Abstract
Emergency management responses to COVID-19 in nursing homes lacked preparation and nuance; moving forward, responses must recognize nursing homes are not generic organizations or services, and individually appreciate each’s unique nature, strengths and limitations.
Objective:
To describe an approach to stratifying nursing homes according to risk for COVID-19 outbreak.
Methods:
Population-based cross-sectional study of all accredited nursing homes in Victoria (n=766), accommodating 48,824 permanent residents. We examined each home’s facility structure, governance history, socio-economic status, proximity to high-risk industry, and proximity and size of local acute public hospital, stratified by location, size and organizational structure.
Results:
Privately owned nursing homes tend to be larger and metropolitan-based, and publicly owned homes regionally based and smaller in size.

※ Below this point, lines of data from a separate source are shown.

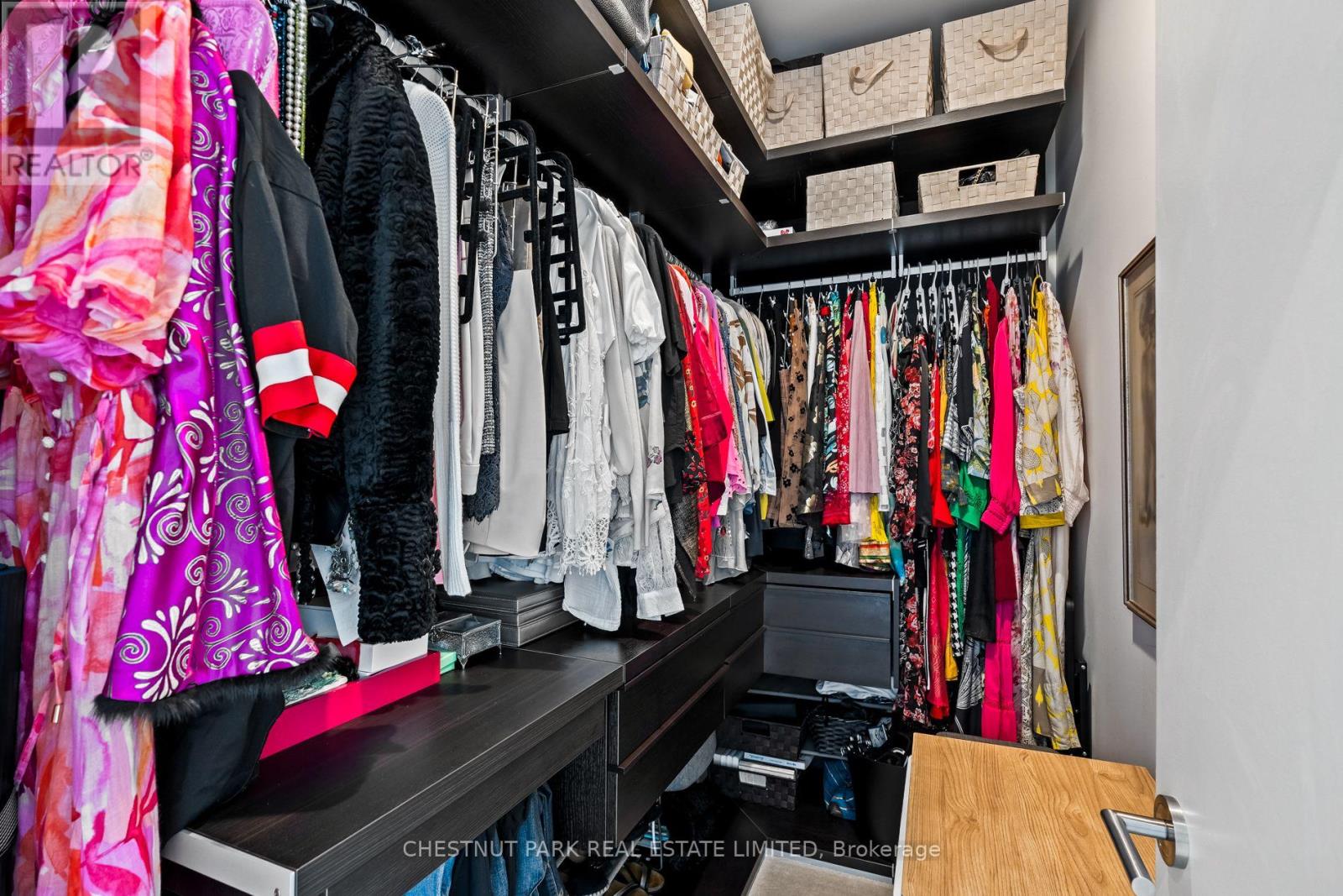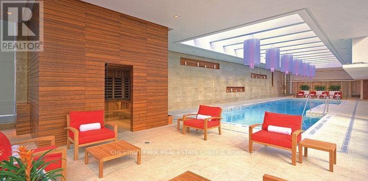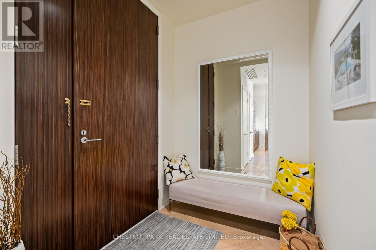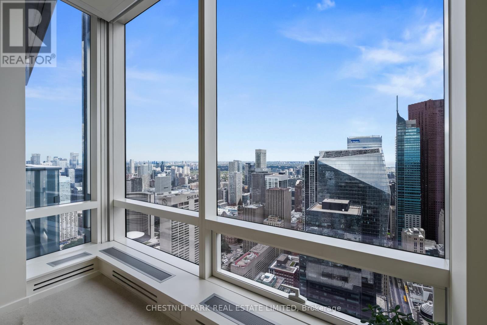 $1,221.62 MonthlySuite 5707 is a distinguished one-bedroom Private Estate suite above the Shangri-La Toronto, where panoramic skyline and lake views shift effortlessly from sunlit horizons to a dazzling nighttime city glow. With 10-ft ceilings (only for floors 50 and higher), herringbone hardwood floors, and a Boffi Italian kitchen featuring Miele and Sub-Zero appliances, the home combines elegance and functionality. Motorized shades are featured throughout, while custom Poliform closets in both the foyer and bedroom add boutique-inspired refinement. The marble-clad four-piece ensuite is a spa-like retreat with a deep soaker tub, heated floors, and seven-head Kohler DTV digital shower. One parking stall with valet service and a large private locker room adjacent complete this unique offering. Residents enjoy access to world-class hotel amenities and services including 24-hour concierge and security, a fitness centre, indoor pool, sauna and steam rooms, and valet parking (available only to Private Estate floors) all in the heart of Toronto's Entertainment and Financial Districts. (id:51158)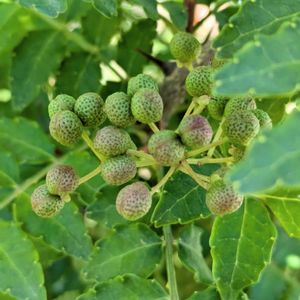 緑の実 色々🟢 クロモジ、キブシ、サンショウ、イチョウ、ウリハダカエデ 雨が降って太陽の光を浴びて、また雨が降って、晴れて☔☀☔☀ 日毎に緑が深まる季節🟢木々の若い実も目立ってきた 木曜日は木の実🏷 クロモジ◆ まだ若く、これから海老茶色、黒へと進む キブシ◉ 黄褐色から黒へ サンショウ🔴 完成形は赤くなるので、収穫するなら今だ! イチョウ🟤 言わずとしれた銀杏の幼果 ウリハダカエデ⭕ しだいに赤味を増すようになる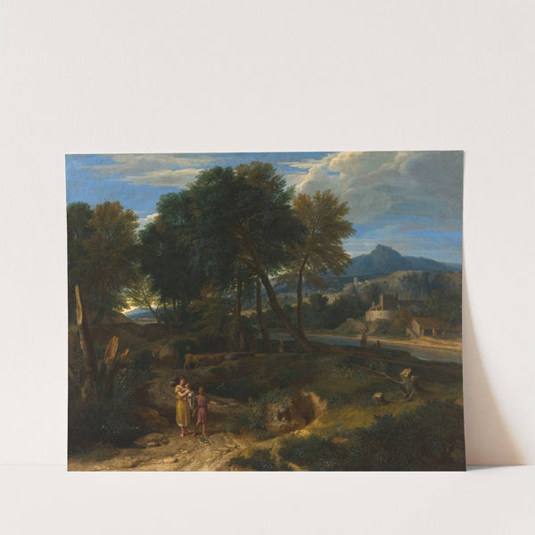 Pastorale avec un jeune pâtre et une femme avec un enfant dans les bras by Jean-François Millet - Wall Art Print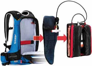 Zaino molto leggero con fissaggio degli sci in diagonale. Il caricamento frontale garantisce facilità d’uso, la tasca interna dispone di uno scomparto per pala e sonda antivalanga. Sono presenti inoltre cinghia ventrale leggera con tasche in mesh elastico, tasche laterali reticolate porta-pelli, tasche in mesh elastico, istruzioni sul comportamento in caso di emergenza in ambiente alpino (riportate nello scomparto principale), schienale imbottito, elementi rifrangenti, foro per idratatore Aquarius.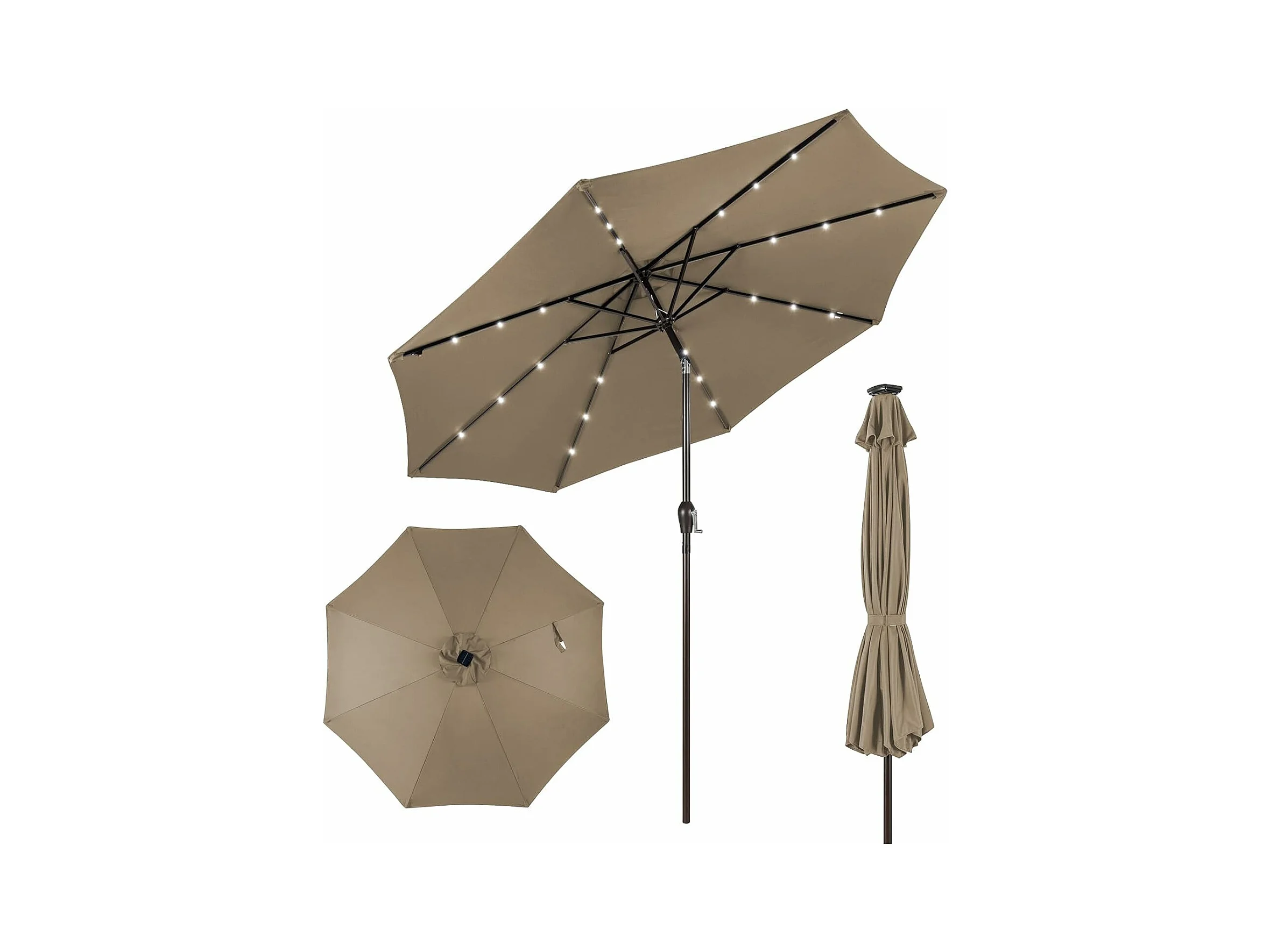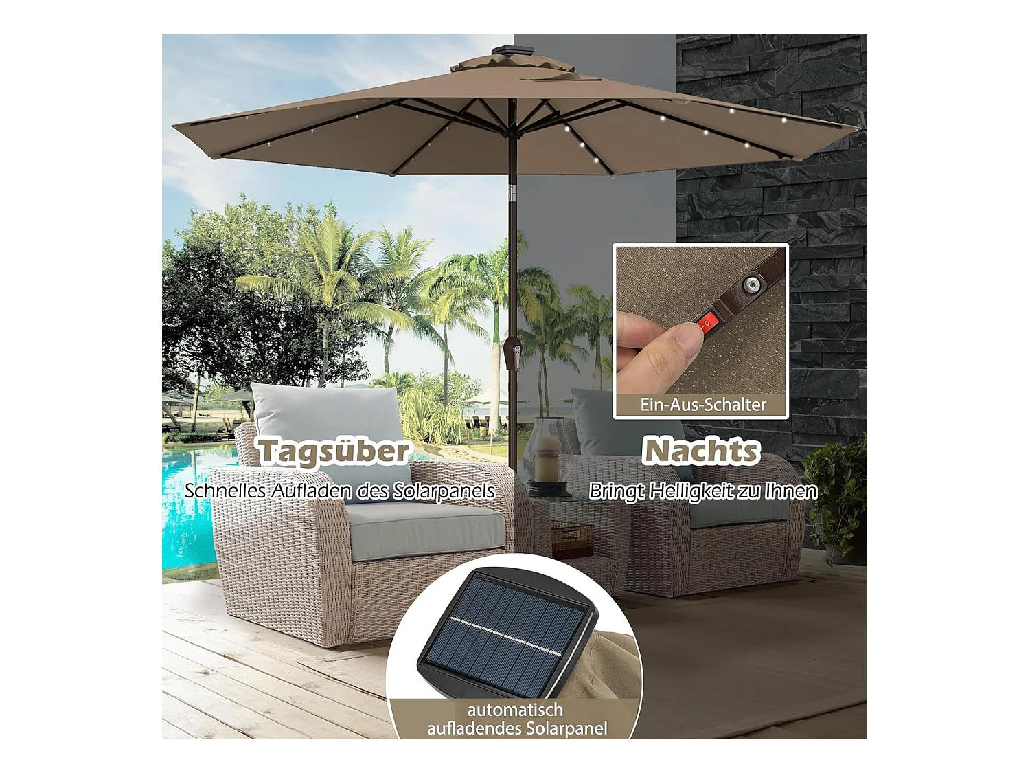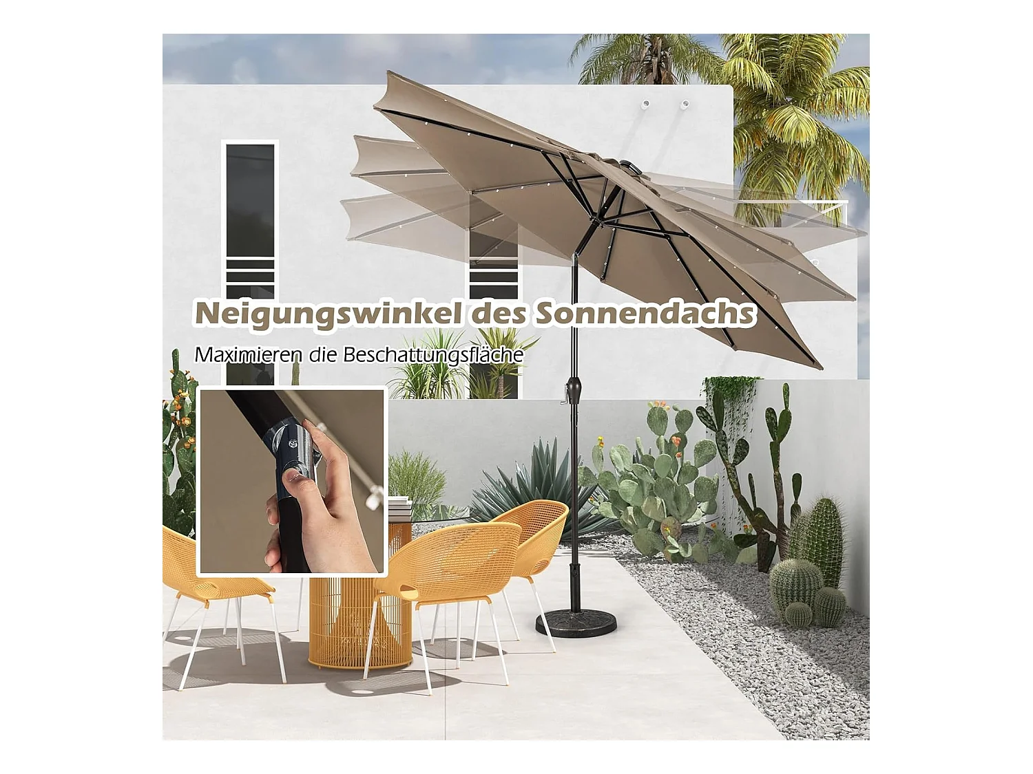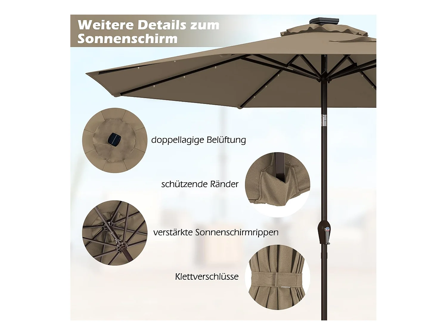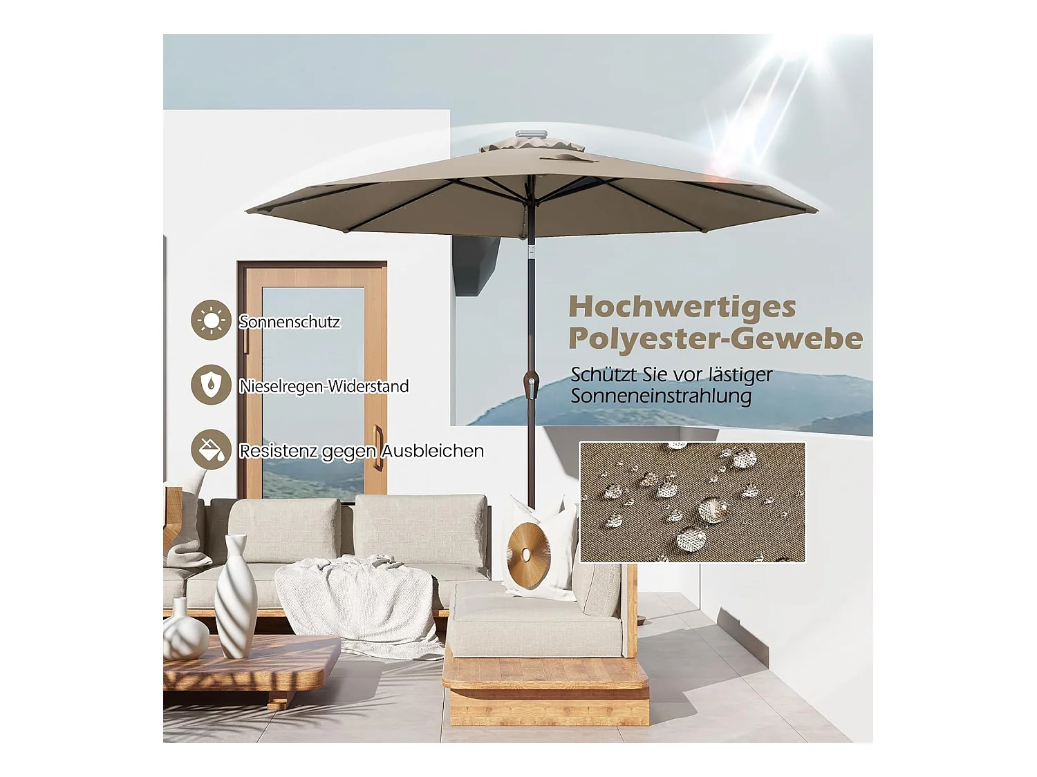 300 cm led-parasol, tuinparasol, marktscherm met solarverlichting, terrasparasol achthoek, zwengelparasol, strandscherm, zweefparasol, ZB33616

The details reveal additional nuance, e.g. privately owned metropolitan-based medium-to-large-sized facilities tended to have more regulatory non-compliance, no board of governance, and fewer Chief Executive Officers with clinical background. In contrast, the smaller, publicly owned, remote facilities perform better on those same metrics.
Conclusion:
Nursing homes should not be regarded as generic entities, and there is significant underlying heterogeneity. Stratification of nursing homes according to risk level is a viable approach to informing more nuanced policy direction and resource allocation for emergency management responses.